-- INFORMATION SHOWN --
....................

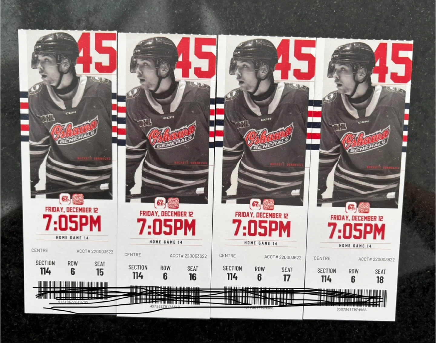 10Selling four tickets to see the Oshawa Generals play on Friday, December 12 at 7:05 PM. Seats are located in Section 114, Row 6, Seats 15-18. Come cheer on your favourite team! Parking included.
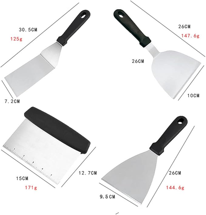- 【The Necessary Tools】These griddle utensils set will allow you complete all the griddle applications. Two griddle spatulas great for flipping burgers, pancakes, veggies, and more, one with holes help drain excess grease or oil off of cooked meat/ poultry when taking off of griddle. Spatulas and scrapers are both with cutting edge for dicing food and scrape griddles clean.It will please everyone at your BBQ, weekend party or your everyday meals.
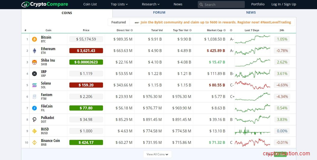 3. CryptoCompare 🥉

....................

-- WHAT TO PRODUCE --
Write the data above out exactly. Leave out any pictures.

-- SOLUTION BELOW --
 10Selling four tickets to see the Oshawa Generals play on Friday, December 12 at 7:05 PM. Seats are located in Section 114, Row 6, Seats 15-18. Come cheer on your favourite team! Parking included.
- 【The Necessary Tools】These griddle utensils set will allow you complete all the griddle applications. Two griddle spatulas great for flipping burgers, pancakes, veggies, and more, one with holes help drain excess grease or oil off of cooked meat/ poultry when taking off of griddle. Spatulas and scrapers are both with cutting edge for dicing food and scrape griddles clean.It will please everyone at your BBQ, weekend party or your everyday meals.
 3. CryptoCompare 🥉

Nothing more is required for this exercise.